Yesterday I woke up with 120 pages of an unfinished screenplay. I met a friend for breakfast, and then parked myself at the Central Library in front of a big window looking out onto the duck pond. And by noon I had written five pages, typed those transcendent words: “FADE OUT”, and had a draft of 125 pages.

However, since the day wasn’t over yet, I decided to put off circulating the draft in order to say if I could ratchet that page count back with a comb through the script. This took several horus in and around packing and prepping for the trip, but it was well worth it – and at 9pm I was able to circulate a “finished” first draft of 120 pages to the director and a couple of trusted readers. I like the symmetry of that.

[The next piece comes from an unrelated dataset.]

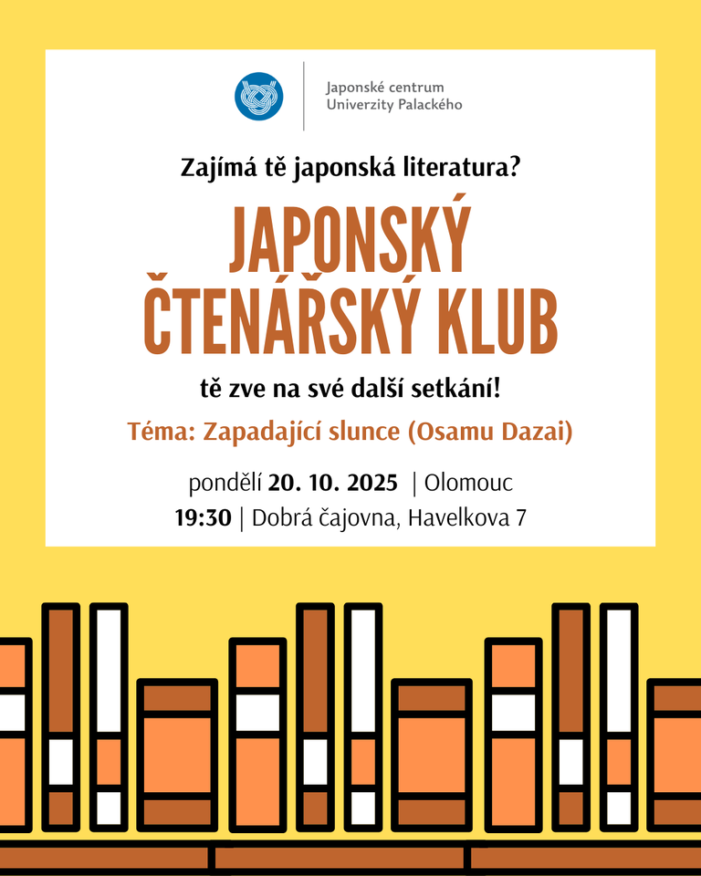 Zajímá vás japonská literatura? Rádi si povídáte o tom, co čtete, a razíte heslo, že tipů na dobré čtení není nikdy dost? Zveme všechny nadšené čtenáře a zájemce o japonskou kulturu, kteří si rádi o tom, co čtou, popovídají, na úvodní setkání našeho Japonského čtenářského klubu v tomto semestru! Dozvíte se, jak setkání probíhají, a také se budete moct seznámit s ostatními starými i novými členy klubu. Těšíme se na vás!

120 is sort of a talismanic number in Hollywood. If your page count is above that people get as nervous as if you start saying “Candyman” into a mirror. It’s not as if it’s a guarantee your movie will end up bloated or bad at 121, it’s just that they start worrying about the worry it will trigger in others until it becomes self-fulfilling prophecy. While every reader fancies that THEY will judge something purely on its merits, they always believe that the next reader in the chain wll just look at the page count and the cloud of negativity will doom the content.

I’m sitting in the 13th row of this airplane I’ll be boarding, so I obviously give less of a damn about such things; I just wanted to get the story on paper. However, I do want to make money, so I’m glad we’re at least at 120. 115 would be even better, since while 120 itself is not outright terrifying, its position at the upper limit of acceptable is at least partially-alarming by proximity. I know all this sounds ridiculously stupid, but so much of the game out here is about confidence.

I am confident we can wrench it down further. Even after my comb-through, first drafts tend to contain redundancies, over-describing, all sorts of things. And I went into a lot of detail with all the action sequences, something that will be less necessary on the page as the action-minded director and I start working them out.

So 115 may be in the future; or even less. But that’s a worry for another day, and so much smaller a worry than putting something on a blank page. Once again, that process is finished. I have written another script. And as I prepare to travel, visit loved ones in a loved city, I can move it off the top spot on my writing “To Do” list.

Of course I’ll be writing on my holiday. I’ll be eating and sleeping, won’t I?